# January Photos



## MB1 (Jan 27, 2004)

We had a wildly varied January and yet still managed to rack up way more riding than makes sense.


----------



## Dave Hickey (Jan 27, 2002)

Here are a few


----------



## jd3 (Oct 8, 2004)

Start the year with a bang.


----------



## rkj__ (Mar 21, 2007)




----------



## MB1 (Jan 27, 2004)

rkj__ said:


> .....


Oh ya, that is some winter right there!


----------



## wooglin (Feb 22, 2002)




----------



## wooglin (Feb 22, 2002)

MB1 said:


> We had a wildly varied January and yet still managed to rack up way more riding than makes sense.


Miss M looks just a little disgruntled in that first one.


----------



## rkj__ (Mar 21, 2007)

MB1 said:


> Oh ya, that is some winter right there!


The second one was taking out of my window today actually, but we are only 3 days into February, so i threw it in. First one was actually this January.


----------



## gutfiddle (Apr 27, 2006)

ahhh the heart of FL's cycling season...


----------



## drawerfixer (Aug 4, 2005)

Yikes. I see I haven't been taking any photos on my commutes or weekend rides in the month of January (partly, I've been concentrating on my dang pannier staying on the rack, hopefully to be remedied this evening). But here are a few shots, bidding adieu to the month of January and its attendants.


----------



## stinkydub (Aug 5, 2004)

*Off to a good start*

Encouraging my 11 year old daughter to ride with the "big kids". It doesn't happen often but when she does, life is fine! Last picture was taken on New Years Eve.


----------



## cdhbrad (Feb 18, 2003)

gutfiddle said:


> ahhh the heart of FL's cycling season...
> 
> You got that right. Supposed to be in the high 40s with high winds tonight when our Wed. Hammerfest would start.....I'll pass. Wait two days and it will be 20 degrees warmer.


----------



## gutfiddle (Apr 27, 2006)

MB1 said:


> We had a wildly varied January and yet still managed to rack up way more riding than makes sense.


that photo of Mrs. M on the clay road w/ the blue sky is awesome.


----------



## gutfiddle (Apr 27, 2006)

cdhbrad said:


> You got that right. Supposed to be in the high 40s with high winds tonight when our Wed. Hammerfest would start.....I'll pass. Wait two days and it will be 20 degrees warmer.

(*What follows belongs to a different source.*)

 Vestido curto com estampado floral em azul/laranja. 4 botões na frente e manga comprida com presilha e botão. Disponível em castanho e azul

hopefully this is our last cold spell, i'm impatiently waiting to start my veggie garden.


----------



## MB1 (Jan 27, 2004)

gutfiddle said:


> that photo of Mrs. M on the clay road w/ the blue sky is awesome.


Quite a lot of dirt/clay roads around the Green Swamp (which is about a mile from our house)-we intend to explore them all.

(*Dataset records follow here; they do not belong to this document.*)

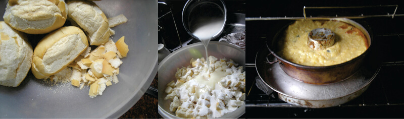Coloque numa tigela os pães cortados, misture o açúcar, o queijo ralado, as uvas passas e as especiarias. Sobre estes secos, vá colocando os ovos batidos alternando com o leite quente (não coloque todo o leite de uma vez, pode ser que não use tudo para umedecer) e vá mexendo com uma colher de pau até os pedaços de pão amolecerem e se transformarem numa massa. Deixe a massa descansar para amolecer os pães enquanto prepara a calda de caramelo.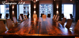 18′ Boardroom Table – 7′ wide – Made of four 9′ x 3.5′ tables – Leg Casters for easy table movement – Straight 4″x 4″ windbrace beams legs – Black skirting + legs – Reclaimed Pine – Premium epoxy/matte polyurethane finish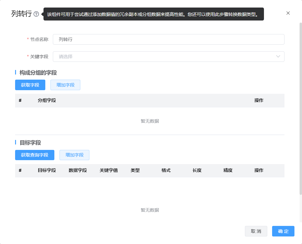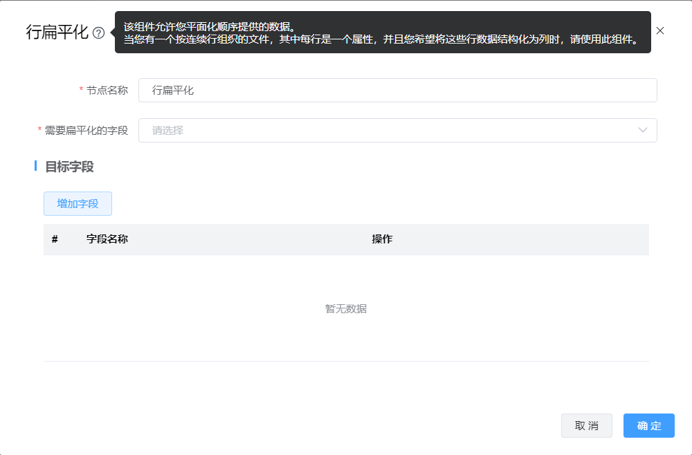 功能介绍:行扁平化允许您平面化顺序提供的数据。当您有一个按连续行组织的文件,其中每行是一个属性,并且您希望将这些行数据结构化为列时,请使用此组件。前置需接排序记录组件。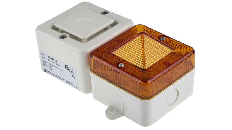 The e2s AC flashy sounder beacon with the amber lens has sound level outputs up to 100dB (A) at 1m. This device provides 10 alarm tones options and 2 remotely selectable stages. The alarm horn and Xenon beacon can be connected from a single power supply for simultaneous operation or from separate supplies for independent operation._x000D_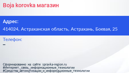 Boja korovka, магазин по адресу 414024, Астраханская область, Астрахань, Боевая, 25 в дальнейшем Организация, размещена в следующих категориях: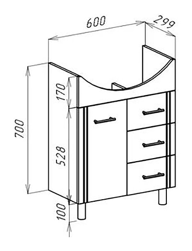 Тумба под раковину Bellezza Уют 60 дополнит интерьер ванной комнаты. Модель оснащена дверцей, 3 ящиками в боковой части и ножками, защищающими конструкцию в случае намокания пола. Корпус выполнен из ЛДСП, фасад - из МДФ. Изделие покрыто глянцевой эмалью для защиты поверхности от внешних воздействий. Тумба используется вместе с раковиной Rosa Уют 60. Дополнительные характеристики: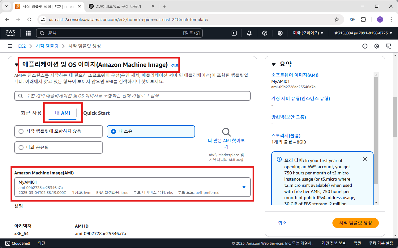 AMI는 이전 게시글에서 만든 AMI인 MyAMI01로 선택합니다.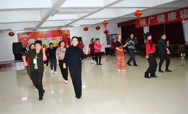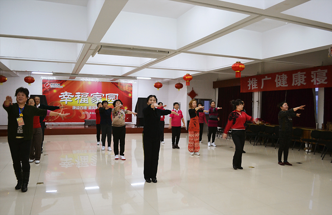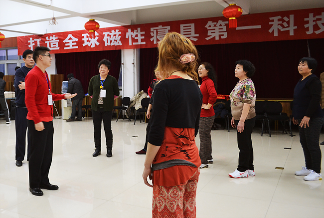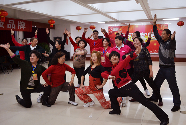 最早趕到康姿百德公司排練場地的是16位伴舞人員,都是50歲以上的中老年人。她們從早晨8點(diǎn)半開始便投入了一遍又遍地排練。每排練一遍,舞蹈老師都會進(jìn)行細(xì)微的糾正、調(diào)整隊(duì)形和調(diào)動情緒。每位健身操隊(duì)員也沒有因?yàn)榉磸?fù)的走位表現(xiàn)出疲憊或煩躁,始終面帶笑容,激情勃勃的投入排練。因?yàn)橥度氲倪\(yùn)動量非常大,很多人都是滿頭大汗,演員們就索性脫下厚實(shí)的棉衣輕裝上陣。

It seems like our fixtes will be ok for the most part or do you think we ought to bring down our MTBs once it stops snowing/icing in DC.


----------



## MB1 (Jan 27, 2004)

stinkydub said:


> Encouraging my 11 year old daughter to ride with the "big kids". ....


Kids Riding Rocks! :thumbsup: :thumbsup:


----------



## Normbilt (Jan 26, 2005)

Feb 1st









Jan 10th
This is Acually Trail


----------



## gutfiddle (Apr 27, 2006)

MB1 said:


> Quite a lot of dirt/clay roads around the Green Swamp (which is about a mile from our house)-we intend to explore them all.
> 
> It seems like our fixtes will be ok for the most part or do you think we ought to bring down our MTBs once it stops snowing/icing in DC.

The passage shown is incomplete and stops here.